"Петербургские трущобы" я тоже перечитала еще летом, но все не доходили руки зарисовать впечатления. Исправляюсь.
Это большой, тяжелый, местами грязный и чернушный двухтомник об изнанке жизни в дореволюционной России. Повествует о жизни нищих, воров и проституток с одной стороны и развращенной золотой молодежи с другой стороны.
То ли автор вдохновлялся "Отверженными", то ли тема назрела и носилась в воздухе, но я даже проверила - книги вышли с разницей всего в четыре года. "Отверженные" - 1862, "Петербургские трущобы" - 1866.
Роман начинается с того, что князю Шадурскому - отвратительному великосветскому бездельнику - подкидывает ребенка соблазненная им девушка.
И тут читателю уже понятно, что автор любит мелодраму и роман местами уходит в мыльную оперу.
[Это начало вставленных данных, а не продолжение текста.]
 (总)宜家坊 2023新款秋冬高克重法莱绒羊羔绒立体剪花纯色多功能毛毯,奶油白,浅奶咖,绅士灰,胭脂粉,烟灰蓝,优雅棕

Тайны, интриги, фантастические совпадения, пропавшие и воскресшие родственники, яды, случайный инцест, трагические смерти, очень запутанный сюжет с множеством линий.
Поругать роман есть за что, но, если честно, я лично считаю, что достоинства романа перевешивают его недостатки.
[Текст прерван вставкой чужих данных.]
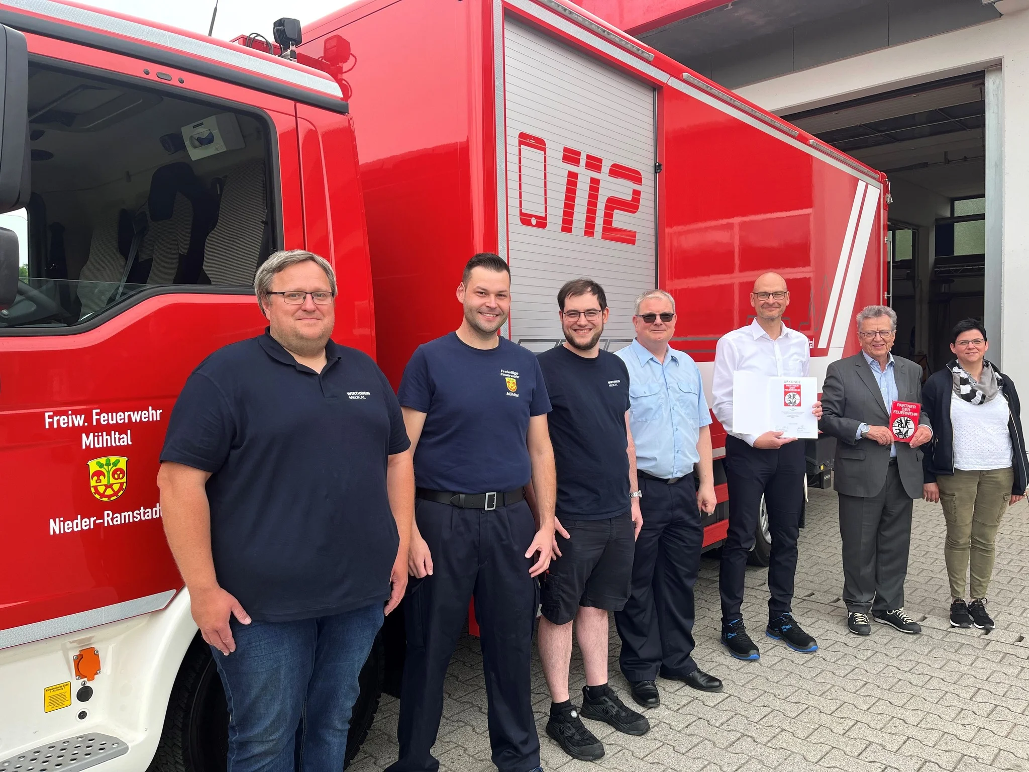 Dominik Kainz (Firma Wirthwein), Nicolas Richter (Wehrführer Traisa), Felix Klein (Firma Wirthwein & Freiwillige Feuerwehr Traisa), Gemeindebrandinspektor Holger Scharkopf, Thorsten Hassenzahl (Firma Wirthwein), Gerd Kabot (REA Card) und Jessica Mertens (REA Card & Freiwillige Feuerwehr Waschenbach )

Герои играют роли из мыльной оперы, но все равно выглядят живыми и вызывают сочувствие. Сюжет запутанный, но увлекательный. Многочисленные отступления и зарисовки из жизни тормозят повествование - но приоткрывают окно в дореволюционную России.
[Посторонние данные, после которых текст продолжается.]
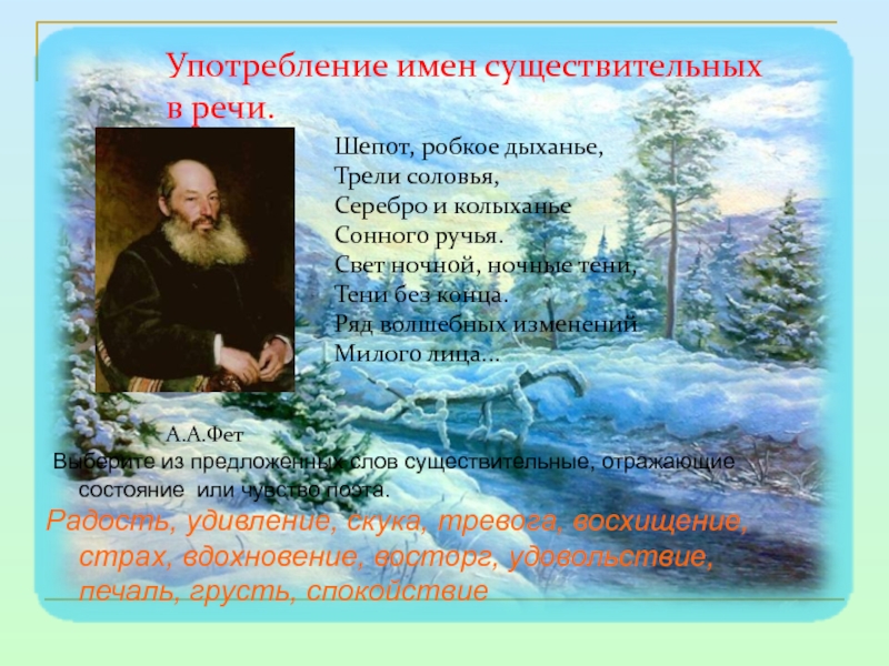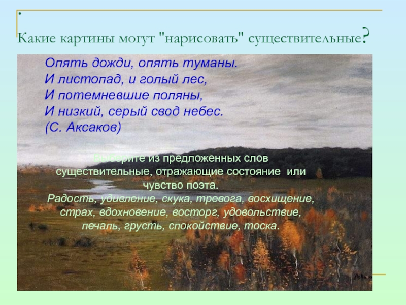 Выберите из предложенных слов существительные, отражающие состояние или чувство поэта.

Из одной такой зарисовки я узнала, откуда пошло слово "двурушничать". Оказывается, двурушниками называли нищих, которые изворачивались и просили милостыню двумя руками. Я не знала.
Можно было бы упрекнуть автора, что он очерняет Россию, но нет, я так не думаю. Скорее он следует за европейскими авторами своего времени, возмущается злом и несправедливостью там, где их видит, и требует милосердия к обездоленным.
Если Крестовский очерняет Россию, то не больше, чем Диккенс и Джордж Элиот - Англию, Гюго и Золя - Францию, Гариетт Бичер-Стоун и Драйзер - Америку.
Кстати, в первый раз я читала эту книгу лет в четырнадцать или пятнадцать. Тогда я мало что запомнила, но прививку от хруста французской булки и стойкую неприязнь к сливкам общества получила.